Ключевые слова: Мандельштам, Бартель, переводы, компаративистика
Для цитирования: Бассель А.В. Революционный сюжет в сборнике переводов Мандельштама «Завоюем мир!» // Вестник РГГУ. Серия «Литературоведение. Языкознание. Культурология». 2019. № 6. С. 161-177. БОТ: 10.28995/2686-7249-2019-6-161-177
© Бассель А.В., 2019 ISSN 2686-7249 • Серия «Литературоведение. Языкознание. Культурология». 2019. № 6, ч. 2
Revolutionary story in the collection of translations Mandelstam "Let's conquer the world!"
Alexandra V. Bassel Moscow gymnasium No. 1543, Moscow, Russia, [email protected]
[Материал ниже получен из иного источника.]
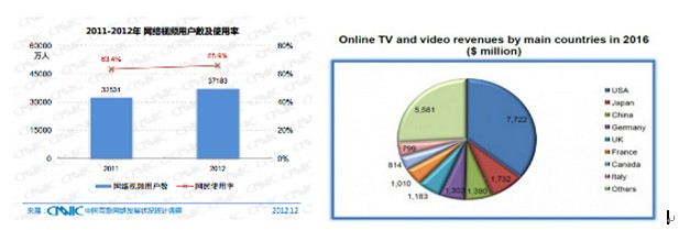 图1:2013.1 CNNIC 中国互联网调查报告 图2:2012年Digital TV Research调研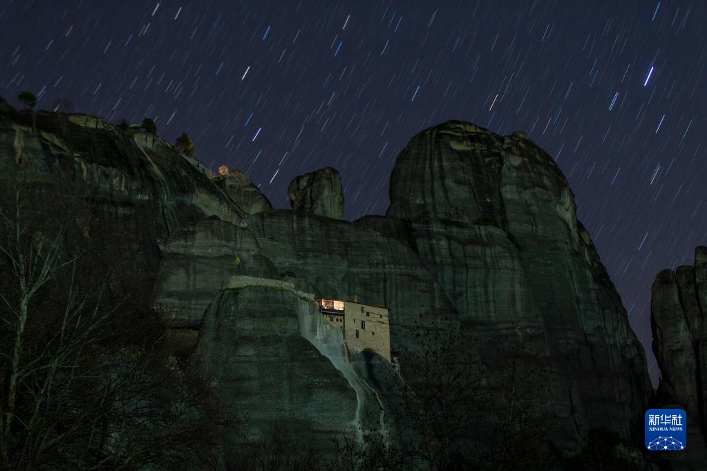 這是2月1日拍攝的星空下的希臘邁泰奧拉修道院和砂巖峰。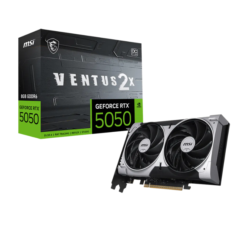 The MSI GeForce RTX 5050 VENTUS 2X OC 8G is a next-generation, performance-segment graphics card based on the cutting-edge NVIDIA Blackwell architecture. Designed for 1080p and entry-level 1440p gaming, this card introduces industry-leading features like DLSS 4 and 4th-Gen Ray Tracing Cores to the mainstream market. The “Ventus” series is known for its “essentials-first” philosophy, providing a sturdy, neutral-colored design that fits easily into any PC build while delivering efficient thermal management.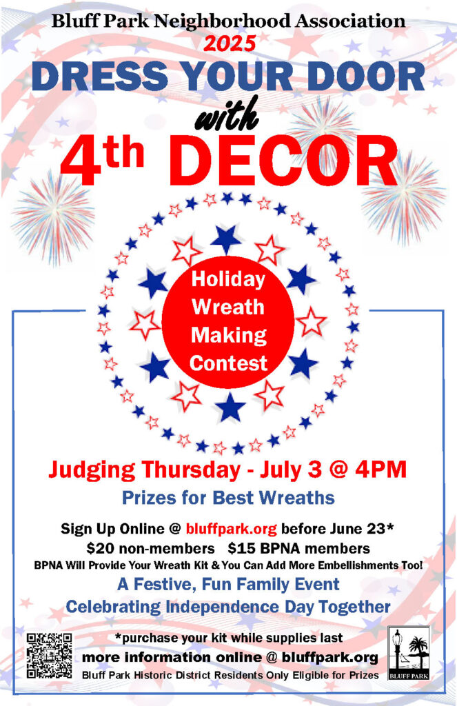 * NOTE: You can participate from anywhere nearby; however, the judging and contest winners will be awarded only from among those who live and display in the Bluff Park Historic District. Eligible wreath entries must be readily visible from the street and must be newly made using the 2025 BPNA-provided kit. Sorry, past years’ entries are not eligible.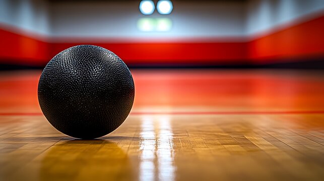 Red Dodgeball on Indoor Court Shallow Depth of Field Composition, Shiny Wooden Floor, Youth Game Action, Dodgeball Game, Indoor Sports Dodgeball, Indoor Games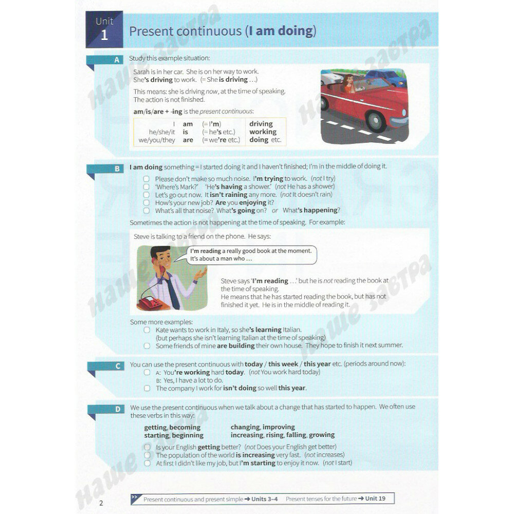 Каждый разворот представляет собой правила (слева) и упражнения (справа). В конце есть тест, с помощью которого можно определить какие темы стоит повторить. Книга стоит своих денег, к ней можно постоянно обращаться, как к сборнику с правилами грамматики. Качество печати превосходное. -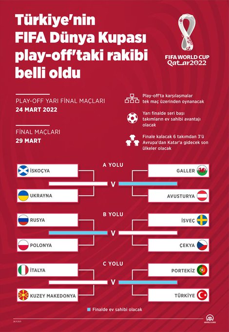 A Milli Futbol Takımı, FIFA 2022 Dünya Kupası Avrupa Elemeleri Play-Off Turu'nda C Yolu'na düştü ve yarı finaldeki rakibi Portekiz oldu. Milliler, yarı finalde tur atlaması halinde finalde İtalya - Kuzey Makedonya maçının galibiyle kendi sahasında karşılaşacak.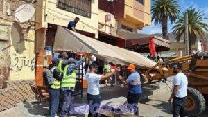 وتمحورت الحملة أساسًا حول إزالة “البيشان” والاعمدات غير القانونية التي تعمد العديد من أرباب المقاهي والمحلات التجارية إلى وضعها على الأرصفة والفضاءات العامة، مما يعيق حركة السير والجولان ويخل بجمالية المدينة .

Abstract. The article is devoted to the consideration of the artistic principles of Mandelstam as a translator and their reflection in the revolutionary thematic line in the collection of the poems translations of the German proletarian poet Bartel "Let's conquer the world!" In the 1920s, Mandelstam reflected on the issues of translation in theoretical articles and noted that the translator should act as an interpreter of the text, adapting it to his culture. Independently com-posig the book "Let's conquer the world!" from different poems by Bartel, the Russian poet pays special attention to the thematic line of the rise and failure in revolutionary movement. Compositionally, the line is formed as the story of an attempt of the uprising. Conditionally it can be divided into two reflecting parts mirroring each other. They begin with an anticipation of the revolution and need for change, followed by calls for rebellion, and finally there are doubts that change is possible, and the groovy daily life of workers comes to the fore. A special place within the revolutionary line is occupied by biblical imagery, which Mandelstam multiplies and adapts to Russian culture in translation.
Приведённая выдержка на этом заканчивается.